Consinder the boundary value problem $$x_1^2u_{x_1}(x_1,x_2)-x_2^2u_{x_2}(x_1,x_2)=u^2(x_1,x_2)\qquad (x_1,x_2)\in\mathbb{R}^2,$$ $$u=1\qquad \text{on }\Gamma,$$ where $\Gamma=\{(x_1,x_2)\in\mathbb{R}^2\mid x_1>0,x_2=2x_1\}$.

Verify that the boundary value problem is locally solvable and use the method of characteristics to find an explicit solution.

So far, I don't know how to show the first part, should I show that the triplet $(p^0,z^0,x^0)$ is noncharacteristic?

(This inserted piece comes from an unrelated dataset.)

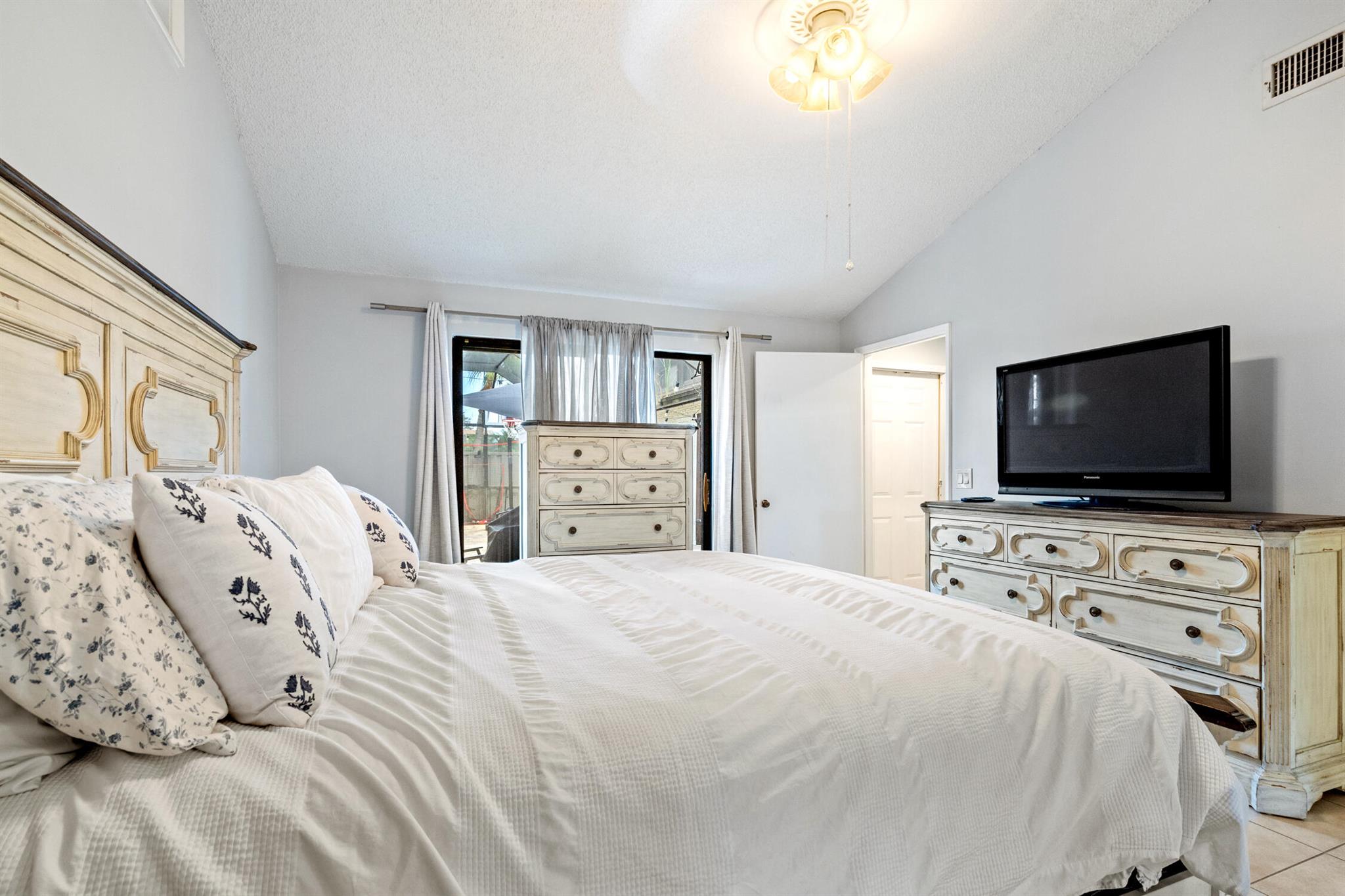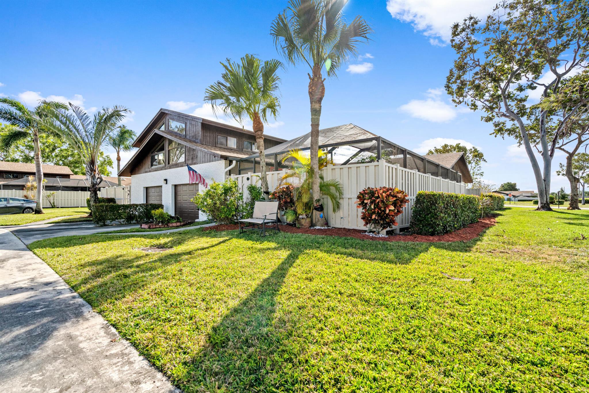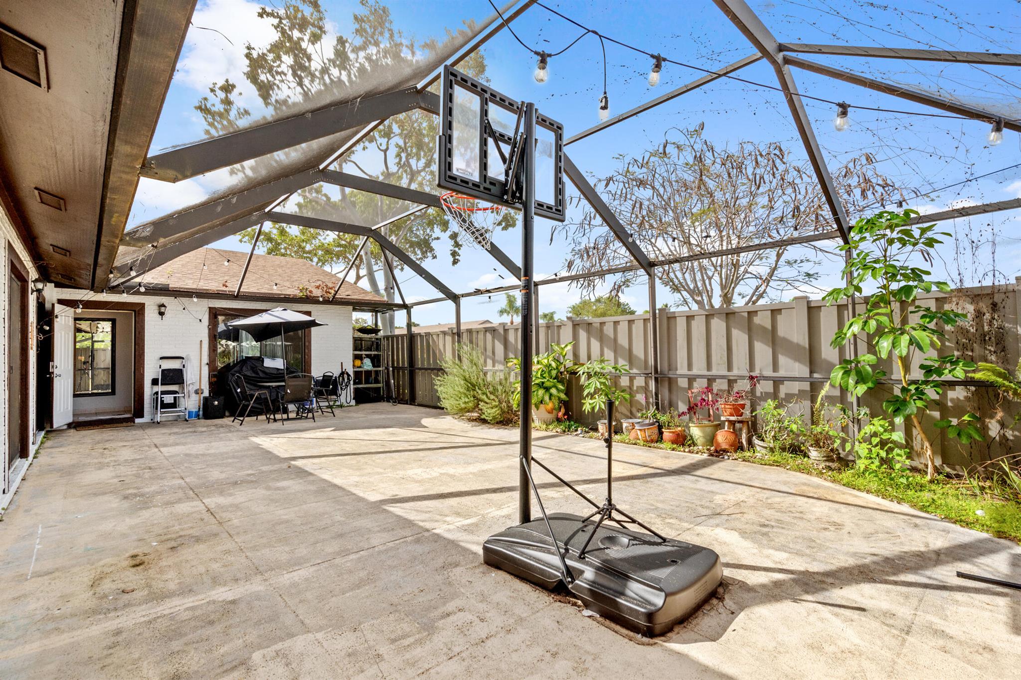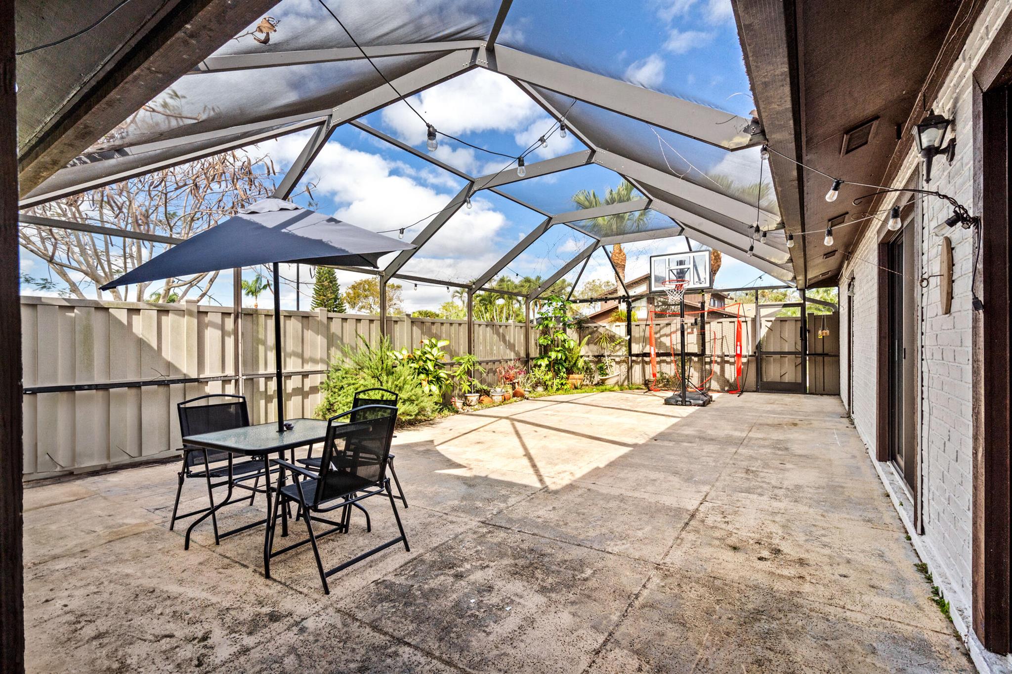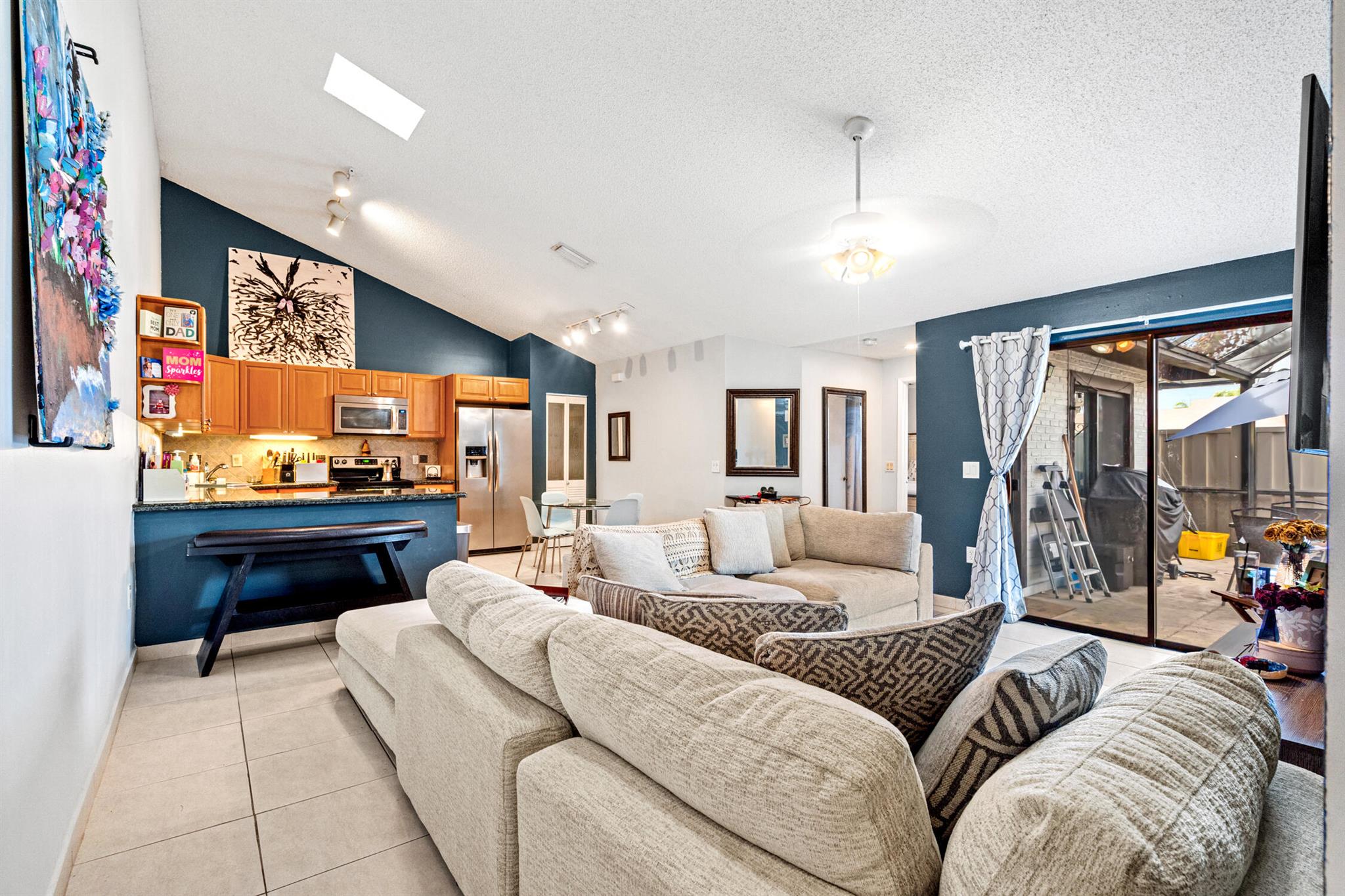 Gorgeous three-bedroom, three-and-a-half-bathroom townhome featuring a one-car garage, driveway, an assigned parking spot, and guest parking. This home boasts an expansive screened and fenced patio, perfect for relaxation and entertaining. The updated kitchen showcases wood cabinets, granite countertops, and a stylish tile backsplash. Enjoy ample natural light with skylights in the living room and three sets of sliding glass doors surrounding the patio. Throughout the home, you'll find tile floors for easy maintenance. Recent updates include a new roof in 2021, A/C is 5 months old, and garage door in 2012.

For the second part, I have done this, trying to follow Example 2 in $\S$3.2.2.b. in Evans' book and also using that notation :

We can rewrite the PDE to look like this: $$\begin{pmatrix} x_1^2\\-x_2^2 \end{pmatrix}p(x_1,x_2)-z^2(x_1,x_2).$$ Which gives the system $$\begin{cases} \dot{x^1}(s)=(x^2)^2,\qquad \dot{x^2}(s)=-(x^2)^2\\ \dot{z}(s)=z^2.\end{cases}$$ When trying to continue know, I think I need to get a system where we integrated the previous, giving $$\begin{cases}x^1(s)=\frac{x^0}{1-sx^0},\qquad x^2(s)=\frac{2x^0}{1-s(2x^0)}\\z(s)=\frac{z^0}{1-sz^0}=\frac{g(x^0)}{1-sg(x^0)}=\frac{1}{1-s}.\end{cases}$$

But from here I don't know how to continue, for which $x_0,s$ do I get $(x_1,x_2)=(x^1(s),x^2(s))$? I would say after this, we can conclude $u(x_1,x_2)=u(x^1(s),x^2(s))=z(s)=\frac{1}{1-s}$, with the appropriate value for $s$.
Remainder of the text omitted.